Analog circuit elements (e.g., resistors, capacitors, transistors) are prone to process, voltage, and temperature (PVT) variations. ”Process” in this case refers to manufacturing as a measure of the statistical variability of the physical characteristics from component to component as they come off the production line (ranging from variations in mask alignment and etching times to doping levels). These variations affect the electrical parameters of the components, such as the sheet and contact resistance. Analog components also change in time to their endurance limit (the stress level below which an infinite number of loading cycles can be applied to a material without causing fatigue failure). Here, we used Monte Carlo-driven variations to study: 1. The way our hardware design handles a high degree of component variation; and 2. To compare the traditional variation-based spanning of a representation space with the programmed neurons’ tuning approach.
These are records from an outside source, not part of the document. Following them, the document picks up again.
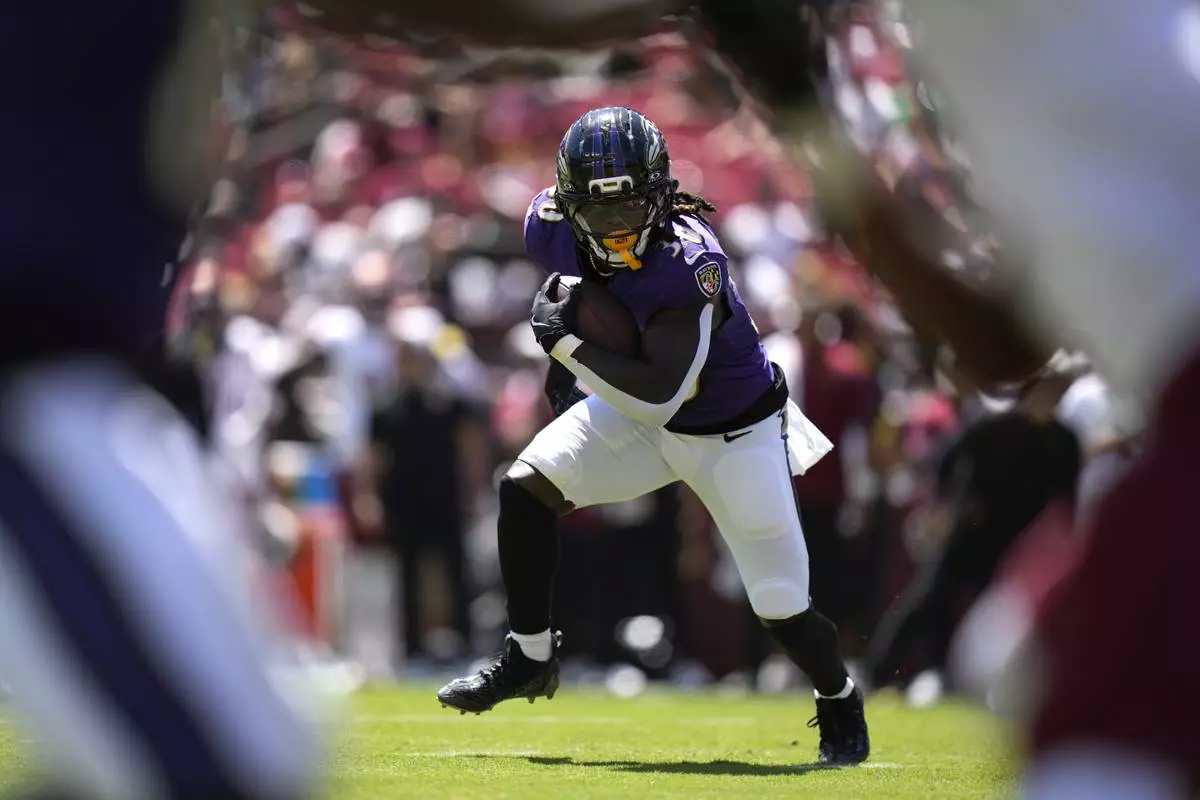 Baltimore Ravens running back D'Ernest Johnson runs with the ball during the first half of a preseason NFL football game against the Washington Commanders Saturday, Aug. 23, 2025, in Landover, Md. (AP Photo/Stephanie Scarbrough)
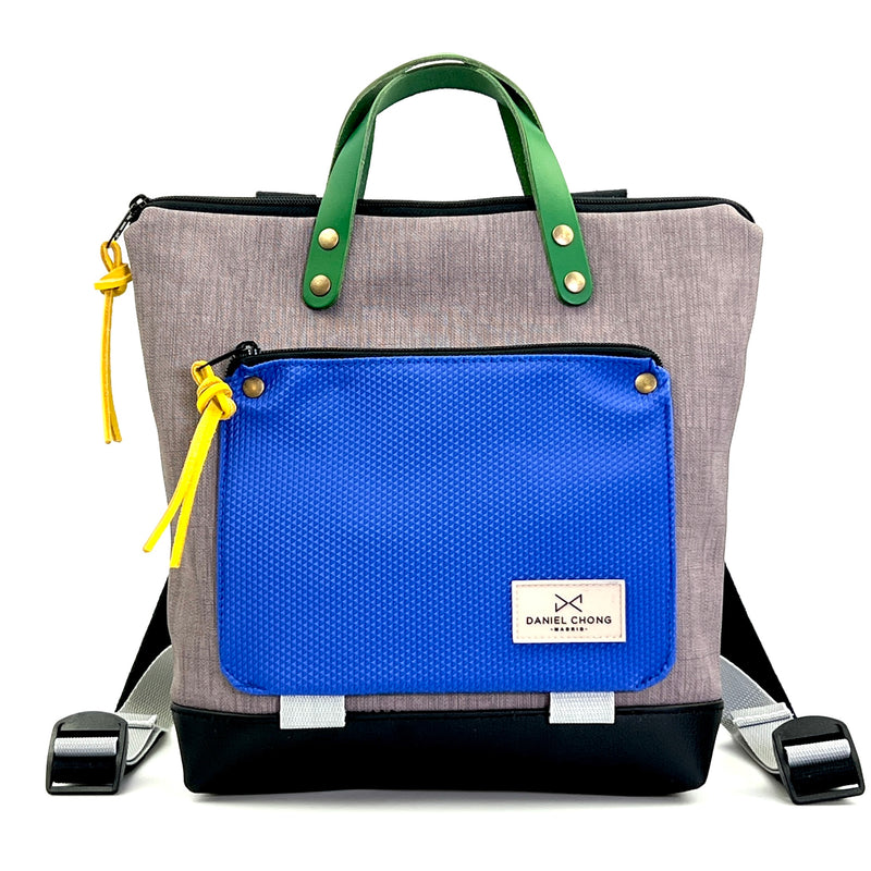 Mochila en formato cuadrado, ultraligera con bolsillo central con cremallera, bolsillo trasero y con espacio para tu tablet.
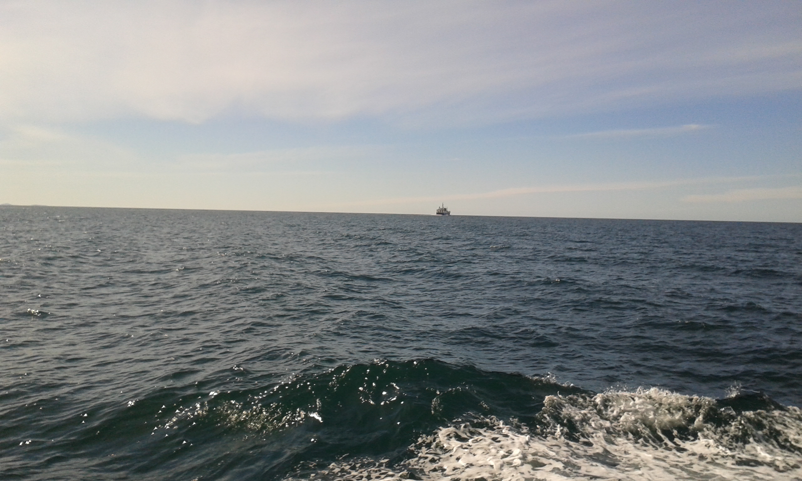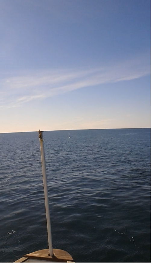 Mai mult am văzut jetul de apă lansat de balenă (și un pic din partea ei dorsală), decât balena în sine. Dar mi-a plăcut! Doar nu în fiecare zi am ocazia să dau nas în nas cu o balenă, în mediul ei natural. Ne-am intersectat, pentru scurt timp, cu un uriaș blând, dintr-o lume marină, diferită de a noastră. Arăta straniu, ca o ditamai fântână arteziană, țâșnind în miezul oceanului.
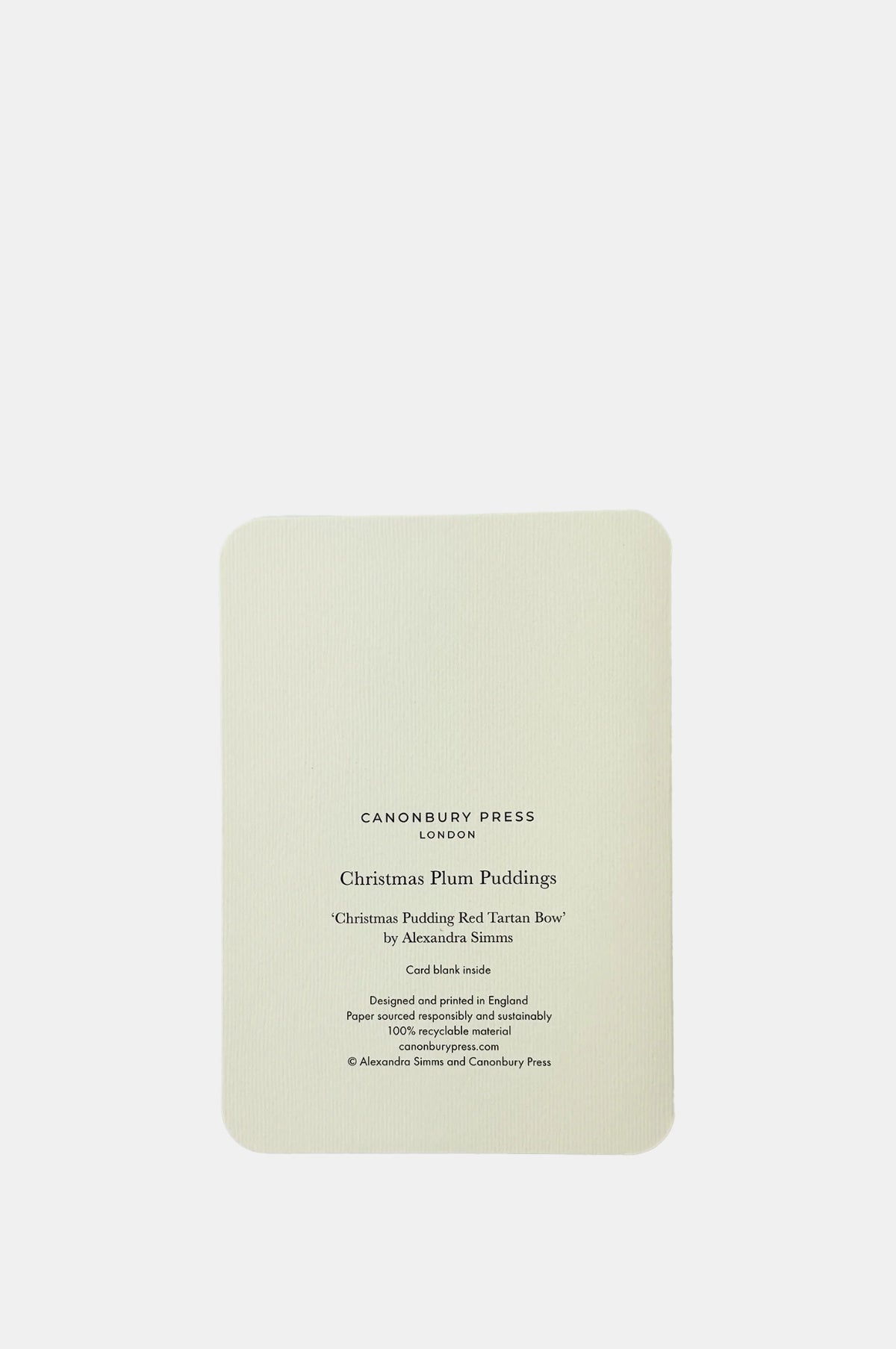 Inspired by decorative Victorian plum puddings, this festive card features a Christmas pudding richly adorned with a big red tartan bow and seasonal greenery. Photographed by Alexandra Simms and printed in England, this is a nostalgic and joyful choice for seasonal greetings or to accompany a thoughtfully wrapped gift.
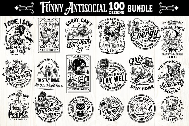 Bring bold humor and unapologetic introvert energy to your projects with this Funny Antisocial Skeleton SVG Bundle. Featuring sarcastic quotes, dark humor typography, and expressive skeleton illustrations, this collection is perfect for creators who love witty, antisocial, and slightly rebellious designs.
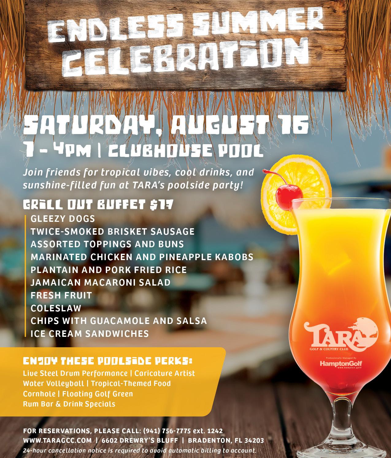We have also had the pleasure of collaborating with two of our newest Tara Club Team Members, Sam and Olivia, who have brought a fresh wave of energy and creativity to our planning. One perfect example is the upcoming Endless Summer Celebration on Friday, August 16 from 1 to 4 PM at the pool.
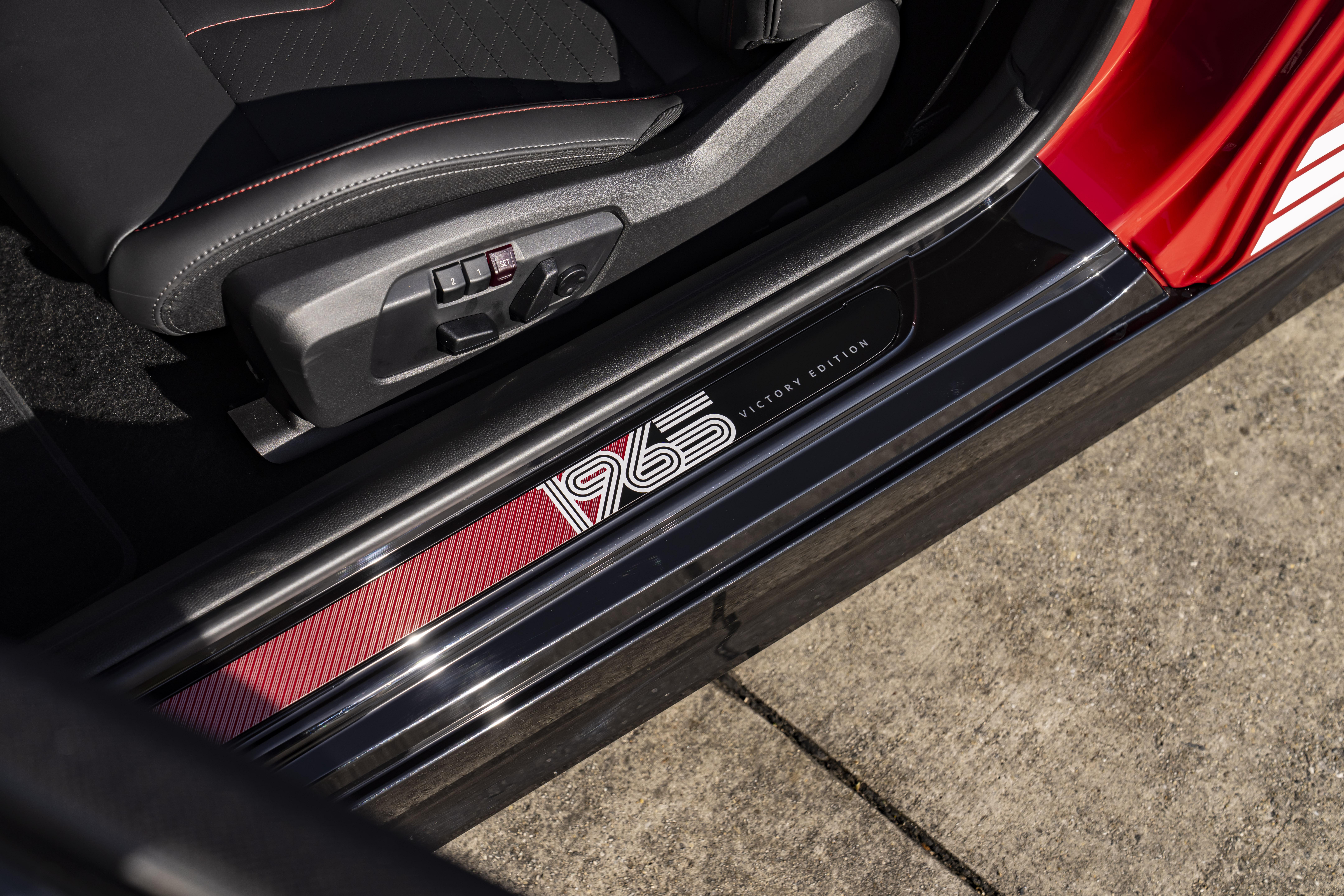 More ‘1965’ graphics appear on the Cooper’s illuminated door sills, the bottom spoke of the steering wheel, and the centre console storage box. A plaque is also fitted inside the doors, referencing the original car and its winning drivers.
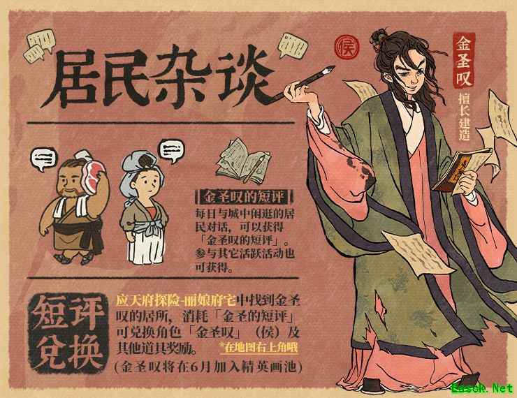 江南百景图中即将上线全新居民金圣叹,很多小伙伴不知道获取金圣叹的道具金圣叹的短评怎么获得,今天小编给大家带来了《江南百景图》金圣叹的短评位置介绍,感兴趣的小伙伴一起来看看吧。
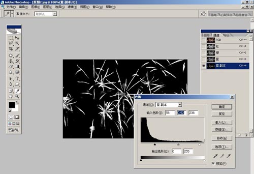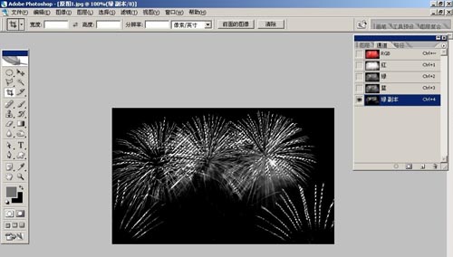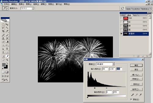 2、打開原圖素材圖1、選擇通道面板,因為在播放煙花動畫時不希望有那么多的煙霧,所以所擇一個對比強,背景干凈的綠色通道,將綠色通道復(fù)制,Ctrl + L色階調(diào)整。如圖1-2
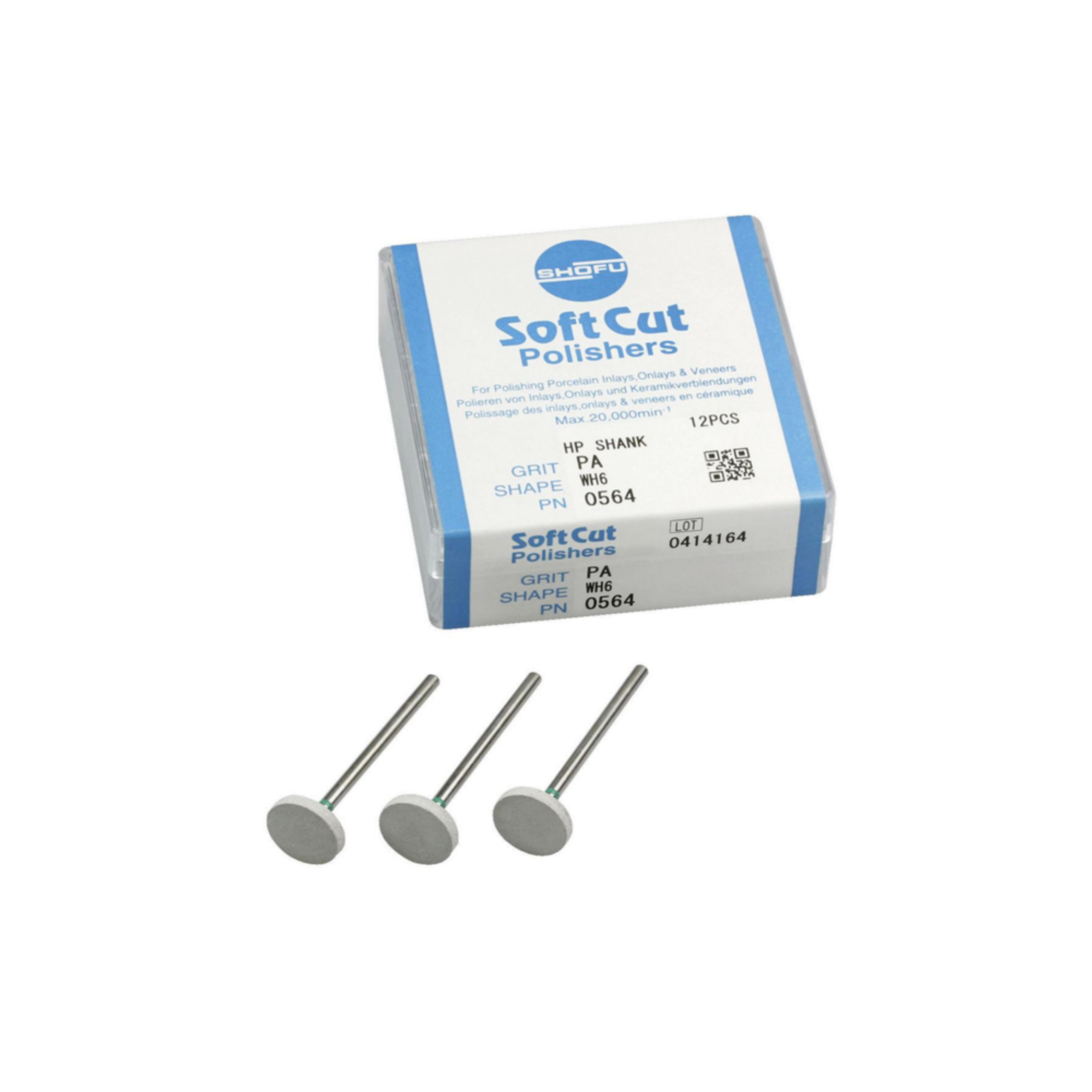 The Shofu Dental Ceramiste Soft PA Polishers HP WH6 12/Pk Green, with an ISO number of 120 and a shank diameter of 2.35 mm, are specifically manufactured as essential mounted polishing instruments for the crucial initial finishing and smoothing of porcelain veneers, inlays, and onlays within the dental laboratory. These abrasive instruments, designed to be used in a dental handpiece, are a core component of the Ceramiste Soft system, tailored to meet the exacting demands of fine porcelain restorations.
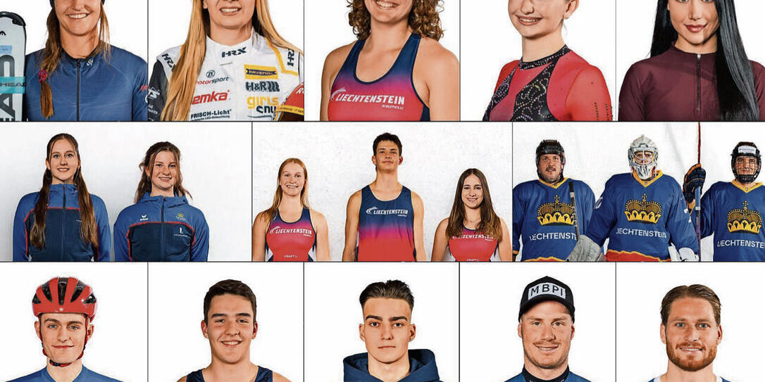 Die Kandidaten: Charlotte Lingg, Fabienne Wohlwend, Jule Insinna, Julia Weissenhofer und Léonie Guerra (oben v. l.); Team Artistic mit Aurora Notaro und Kira Beck, Team Leichtathletik mit Julia Rohrer, Joel Riesen und Fiona Matt, Team Eishockey mit Walter Fussi, Kevin Wanger und Julian Berard (Mitte v. l.) sowie Felix Sprenger, Matthias Verling, Rufus Bernhardt, Marco Pfiffner und Nicolas Hasler (unten v. l.).
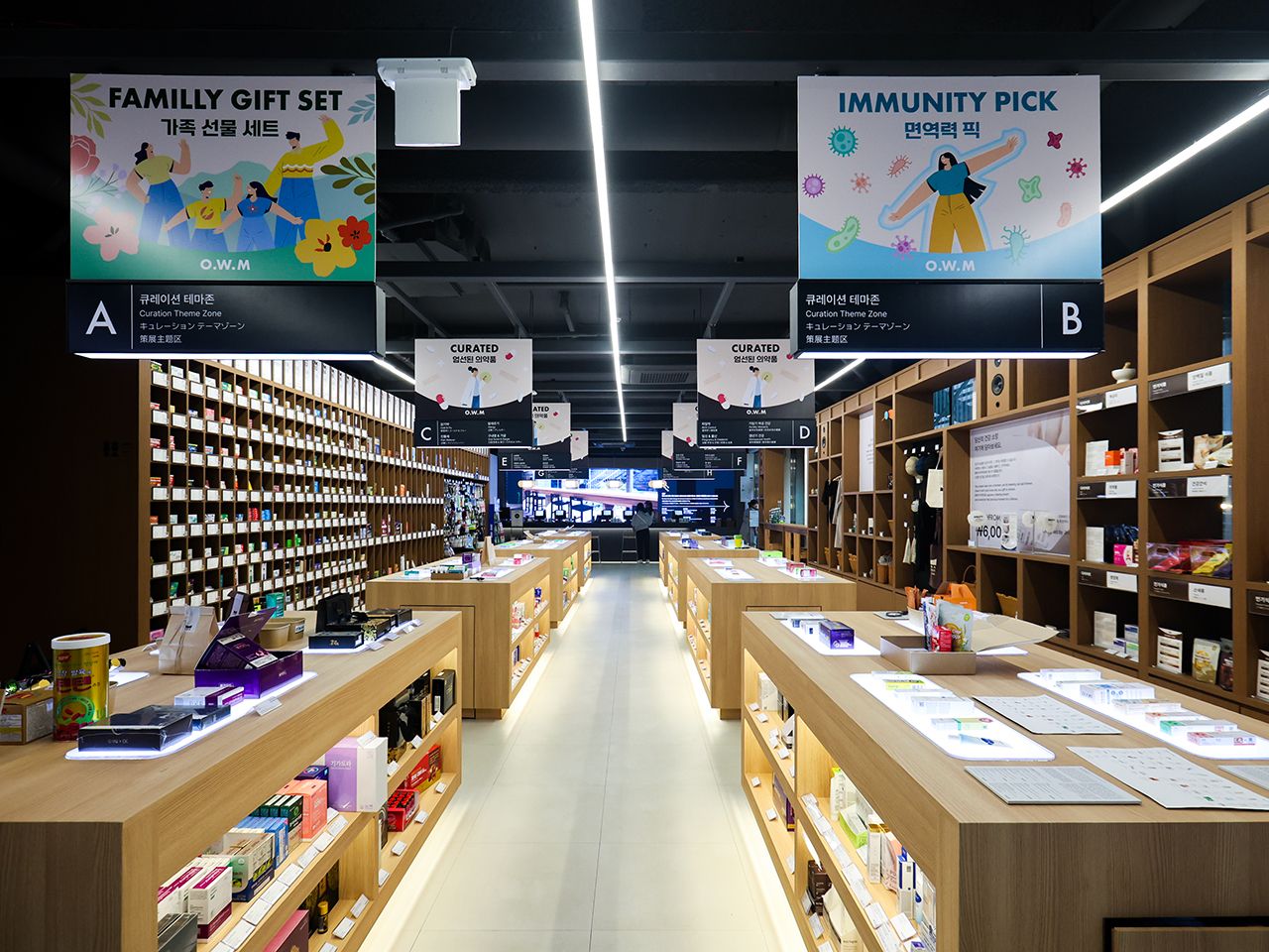 「身体と心をいたわる空間」を提供することをコンセプトとした2フロアの大型薬局。壁一面に薬がずらっと並べられた様子は、まるで美術館のようです。豊富な肌ケアアイテムはもちろん、小分けのサプリを好きな組み合わせで作れる独自のサービス(10日分1,000ウォン~)も。

In each simulation run, all components in our circuit design were varied within an explicitly defined variation rate (e.g., in the 5% variation case study, the 10 nF capacitors featured in our OZ circuit design will randomly be specified in the 9.5- 10.5 nF range). Transistors were similarly varied in their sizes. The level of process variation increases as the process size decreases. For example, a fabrication process that decreases from 350 nm to 90 nm will reduce chip yield from nearly 90% to a mere 50%, and with 45 nm, the yield will be approximately 30% . Here, we simulate 100 Monte Carlo runs with 3, 5, and 7% variability. The resulting neurons’ tuning in the bounded distribution of intercepts and firing rates and with a single setpoint (used for the variation-based spanning of representation space) are shown in Figure 6, A. The results show that the intercepts are much more prone to variation than the neurons’ firing rate. Importantly, we show that relying on process variation for the manifestation of neurons with heterogeneous tuning curves is inadequate compared to a predefined distribution of neuron tuning (Figure 6, B ). These results further demonstrate that our learning circuit design can compensate for process variation.

Circuit Emulator

To efficiently demonstrate our circuit design on a large scale, we designed a neural emulator. Our emulator is a scalable Python-based framework designed to support compiling, testing, and deploying OZ-based SNNs, supporting PES-based learning as described above. The emulator is time-based with a predefined simulation time and number of steps. At each step, the emulator’s scheduler traverses a list of SimBase objects, activating them. The SimBase object structure constitutes the network design, and it is up to the user to define. Each SimBase object is aware of the simulation time step via a configuration class. Its responsibility is to process the input data received via a voltage or a current source interface object. Following each activation step, each object stores its resulting state. Each building block (learning block, error block, etc.) has a corresponding model created using its SPICE simulation with varying input signals. Blocks can be built hierarchically. For example, the OZ neuron block comprises the pulse current synapse block, which comprises a current source. The emulator is schematically shown in Figure 7, A and is available in <will be provided upon acceptance >, where further implementation details are given.